Kingma told Target 8 that the two men he hired to do Whitford’s roof were already working on another project for him and had been doing a good job previously.

“They asked if I could pay them cash (for the roof job), so I paid them cash,” explained Kingma. “We were building a relationship together and it’s hard to find good contractors in Grand Rapids, so when you find one we try to take care of them as best we can in any way possible.”

Kingma said he called Target 8 in the first place because he wanted to expose what he called “an epidemic of bad (sub)contractors” in Grand Rapids.

“They take down payments and they don’t show up or they don’t do the work or they don’t stand behind their work when the jobs go bad. They’re gone,” said Kingma. “I called Target 8 because I’m hoping this raises awareness for other homeowners as well as contractors like me that we just can’t trust what’s out there.” 

Kingma urged homeowners and general contractors to document everything to protect themselves.

When Target 8 contacted one of the subcontractors Kingma identified, he blamed Custom Upgrades for leaving Genaya Whitford’s home exposed to the elements, claiming that city inspectors kicked them off the property because Kingma had not pulled the proper permits.

Kingma acknowledged he did not have the proper permits before the work started, but said he obtained them as soon as the city came calling.

Target 8 confirmed that the city did ticket and fine Custom Upgrades for starting work without a permit. But the city’s spokesperson said its inspectors did not physically go to the property to stop the work taking place.

In the end, Kingma paid to put Whitford up in a hotel for several days while her home dried out, and he did ultimately complete the roof job.

In his response to one of the complaints lodged against his company with the BBB, Kingma pointed out that he stands behind his work.

“We hired a concrete company that completely botched the job,” wrote Kingma in one case. “Sometimes the contractors that I hire do bad work, but I will always fix (it).”

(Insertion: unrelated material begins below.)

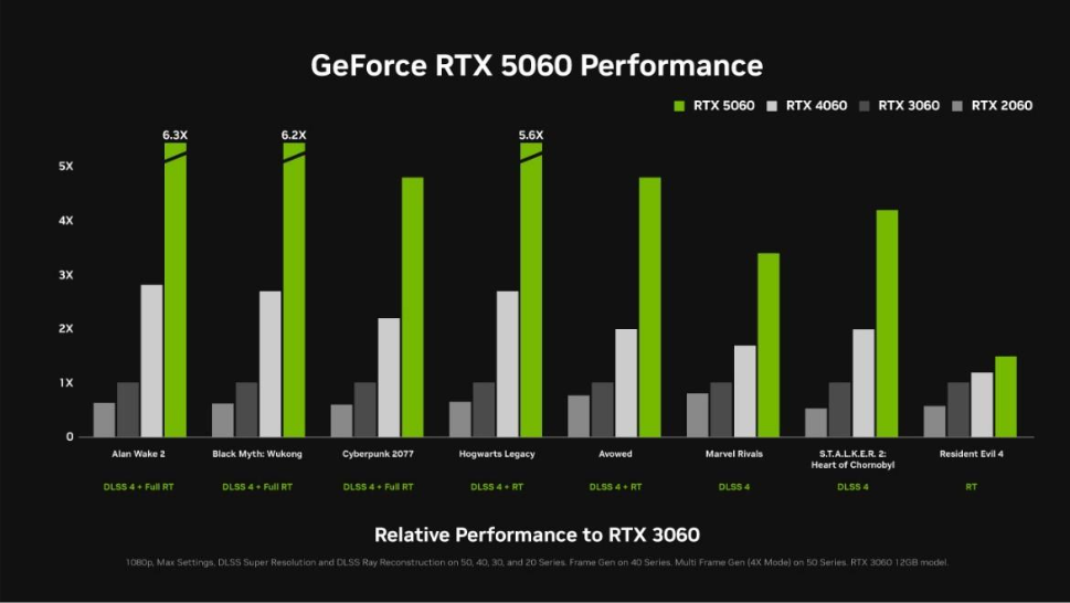 ประสิทธิภาพของ RTX 5060 และ 5060 Ti กระโดดขึ้นอย่างชัดเจนเมื่อเทียบกับรุ่นก่อนหน้า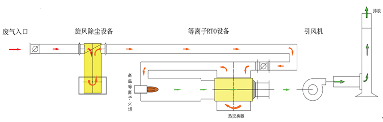等離子RTO是蓄熱式等離子焚燒裝置。 等離子RTO與燃氣RTO的結構相似,工作機理、處理效果完全一致。

Whitford is now looking for someone who can repair the damage done to her home’s interior. She said she will do more research before she hires a contractor this time.

So far, Whitford said her own insurance has paid for her efforts to remediate the interior damage, including dehumidifiers. 

Here are the tips the Better Business Bureau provides on its website:

  • Research and gather information. You can search for a contractor’s Business Profile at to get free information on their history of complaints, read verified Customer Reviews, and see if they are an Accredited Business.
  • Ask for references.
  • Ask for multiple quotes.
  • Always get estimates in writing and never let any work begin without a written and signed contract.
  • Verify license and insurance.
  • Confirm building permits.
  • Inquire about a lien waiver — a statement from your contractor that says all suppliers and subcontractors have been paid for their work.
  • Make sure you are aware of your warranty coverage and how to deal with service issues.
  • Stagger your payments so your final payment is not due until the work is complete and you have fully inspected it.
  •  Do not pay cash; make sure your check is written to a company, not an individual, or that you use a credit card.
  • Get a receipt. Request a receipt marked “Paid in Full” when the job is completed and your final payment made.
  • Keep your contract. Hold on to your contract for future reference or if any questions arise after the work is complete.